Dit Frite, l'homme qui tombe à la renverse après un headshot de Roland Flure:

----------


## zabuza

Lut au complet, 20 secondes de respawn c'est pas trop peu pour pimenter le tout?
( on va pas mettre 30mn mais bon )




> J'atterissai dans un endroit sombre, avec une lumière au bout. « Ou suis-je », me demandai-je. Une voix grave me répondit: « Dans mon cul »


Une petite faute sur le premier verbe il me semble.
Question :
Comment tu pouvais voir de la lumière en étant dans son cul, il était baissé, jambes écartés vers le soleil?

----------


## WaGNe4

> Lut au complet, 20 secondes de respawn c'est pas trop peu pour pimenter le tout?
> ( on va pas mettre 30mn mais bon )
> 
> 
> Une petite faute sur le premier verbe il me semble.
> Question :
> Comment tu pouvais voir de la lumière en étant dans son cul, il était baissé, jambes écartés vers le soleil?

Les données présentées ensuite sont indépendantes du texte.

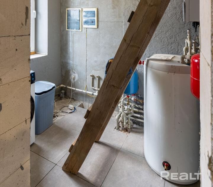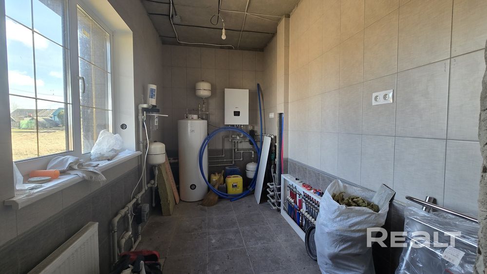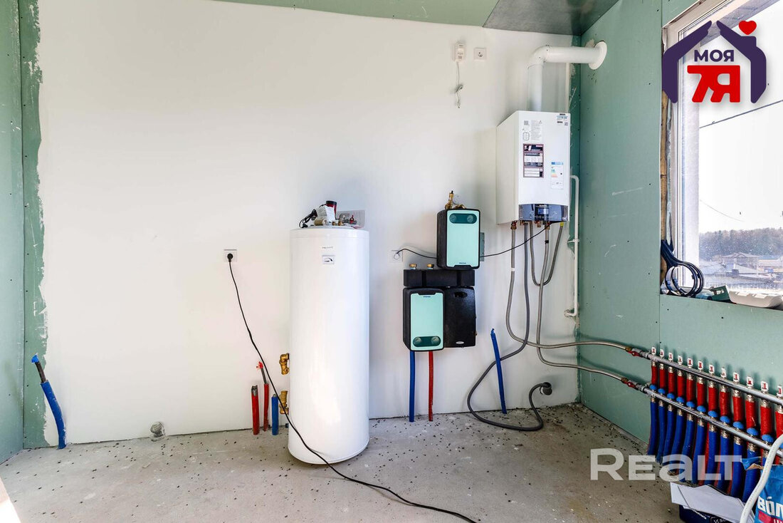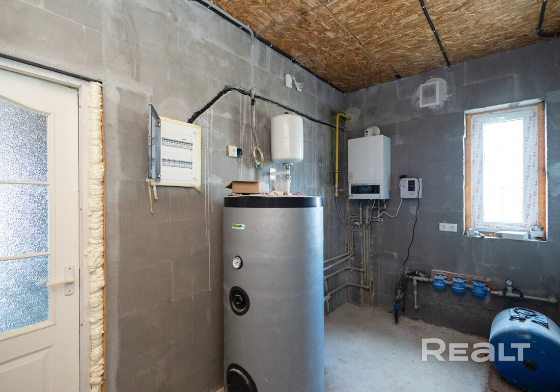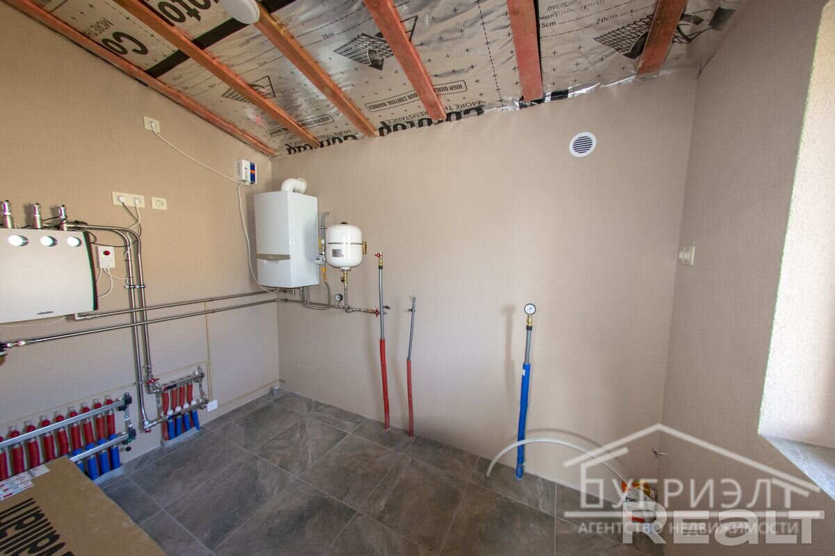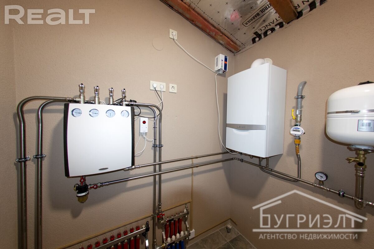 В доме разведены все необходимые коммуникации, включая трубы водоснабжения и отопления и тёплые полы, установлен конденсационный котёл, электрика разведена.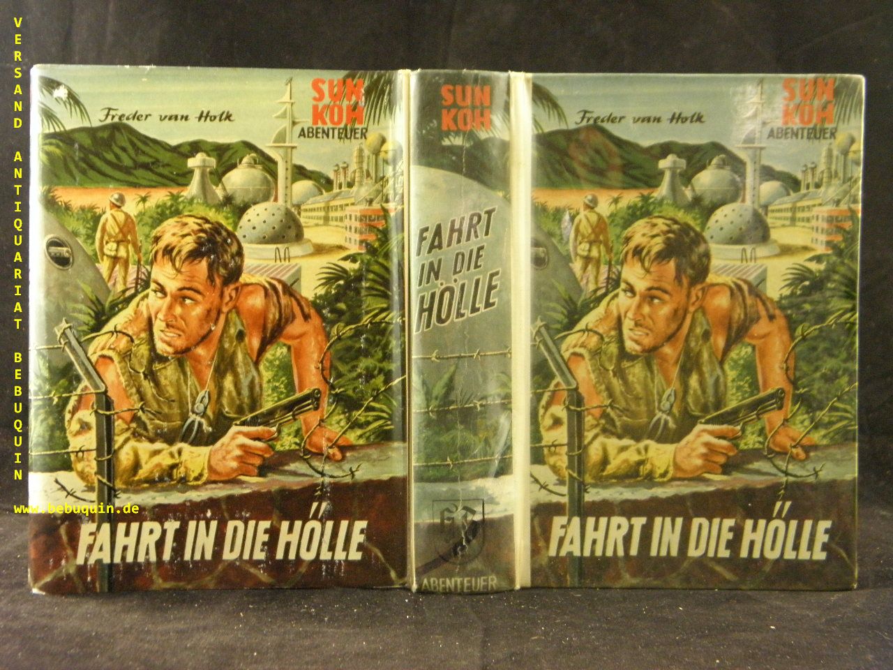 SUN KOH.– HOLK, Freder van: Fahrt in die Hölle. Münster (Borgsmüller), ca 1960. 241 (4) S. OLn mit OUmschl. leicht gelockert. 1. Aufl. dieser Ausgabe.

Tu viens de m'arracher mon premier éclat de rire de la journée. Merci ! ::):

----------


## J2R2MY

Bah techniquement, c'est plus lumineux dehors, puisque a l'intérieur c'est sombre, enfin je crois :D

Et il a pas parlé de soleil.

----------


## zabuza

> Et il a pas parlé de soleil.


Tu veux donc dire que la lumière provenait d'un néon ?

----------


## captain_torche

Ou d'un hamster en feu.

----------


## theo_le_zombie

Ou de Lemmiwinks !
(Ce qui revient presque au meme)

----------


## Sao

:^_^:  Comment c'était bon ces parties quand même !

----------


## MarcSpitz

On dirait que certaines activités sont semblables à ce qui existe déjà dans HL² DM mode "Puzzle".

----------